▶ _Records for this task_:
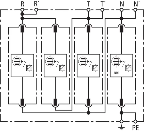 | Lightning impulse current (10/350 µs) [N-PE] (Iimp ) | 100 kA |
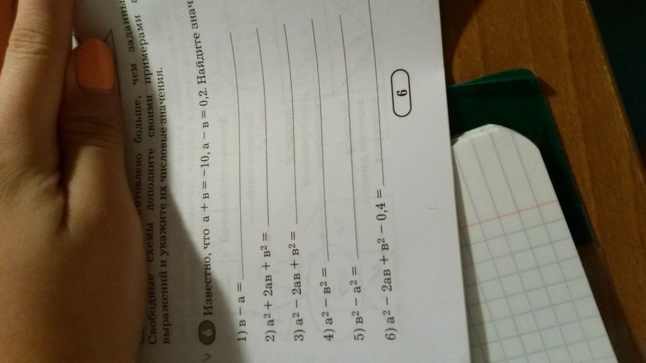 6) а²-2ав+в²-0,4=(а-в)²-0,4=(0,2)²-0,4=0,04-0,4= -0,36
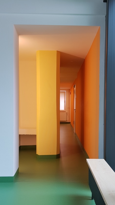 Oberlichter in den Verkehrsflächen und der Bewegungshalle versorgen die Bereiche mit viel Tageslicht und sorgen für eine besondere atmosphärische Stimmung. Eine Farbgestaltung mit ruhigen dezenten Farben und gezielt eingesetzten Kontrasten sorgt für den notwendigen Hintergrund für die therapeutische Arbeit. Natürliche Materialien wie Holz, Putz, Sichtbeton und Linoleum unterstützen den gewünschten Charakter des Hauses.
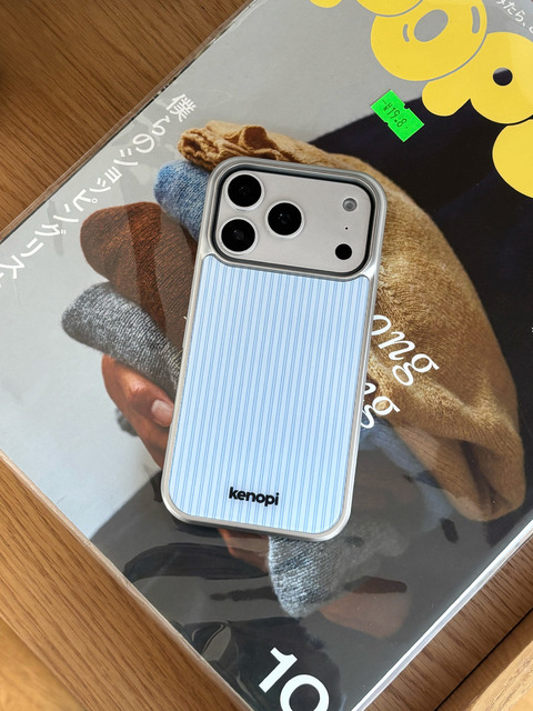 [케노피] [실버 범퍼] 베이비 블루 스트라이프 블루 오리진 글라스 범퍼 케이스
...
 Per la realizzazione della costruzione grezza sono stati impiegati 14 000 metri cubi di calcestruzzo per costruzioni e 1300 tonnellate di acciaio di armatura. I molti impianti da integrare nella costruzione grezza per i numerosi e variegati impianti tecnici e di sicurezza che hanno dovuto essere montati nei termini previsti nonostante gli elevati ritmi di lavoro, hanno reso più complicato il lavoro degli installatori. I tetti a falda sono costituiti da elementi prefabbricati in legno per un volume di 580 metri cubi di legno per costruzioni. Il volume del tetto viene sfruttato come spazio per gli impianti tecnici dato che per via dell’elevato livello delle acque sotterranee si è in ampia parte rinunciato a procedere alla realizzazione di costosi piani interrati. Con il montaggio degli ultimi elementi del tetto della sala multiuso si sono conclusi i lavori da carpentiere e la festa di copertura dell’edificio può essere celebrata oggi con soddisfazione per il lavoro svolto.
* * *
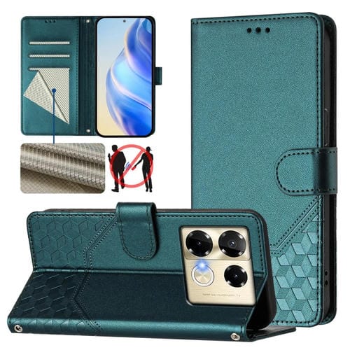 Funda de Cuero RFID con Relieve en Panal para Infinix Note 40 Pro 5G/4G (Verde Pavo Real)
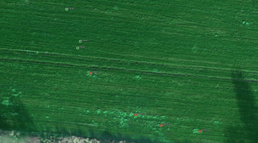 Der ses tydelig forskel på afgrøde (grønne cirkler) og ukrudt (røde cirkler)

▶ _Your goal_: The result should be an exact copy of only the lines above from the one that holds "(Iimp ) | 100 kA |" through the one that holds "[케노피] [실버 범퍼] 베이비 블루 스트라이프 블루 오리진 글라스 범퍼 케이스", both ends included, without pictures.

▶ _Your response_:
 | Lightning impulse current (10/350 µs) [N-PE] (Iimp ) | 100 kA |
 6) а²-2ав+в²-0,4=(а-в)²-0,4=(0,2)²-0,4=0,04-0,4= -0,36
 Oberlichter in den Verkehrsflächen und der Bewegungshalle versorgen die Bereiche mit viel Tageslicht und sorgen für eine besondere atmosphärische Stimmung. Eine Farbgestaltung mit ruhigen dezenten Farben und gezielt eingesetzten Kontrasten sorgt für den notwendigen Hintergrund für die therapeutische Arbeit. Natürliche Materialien wie Holz, Putz, Sichtbeton und Linoleum unterstützen den gewünschten Charakter des Hauses.
 [케노피] [실버 범퍼] 베이비 블루 스트라이프 블루 오리진 글라스 범퍼 케이스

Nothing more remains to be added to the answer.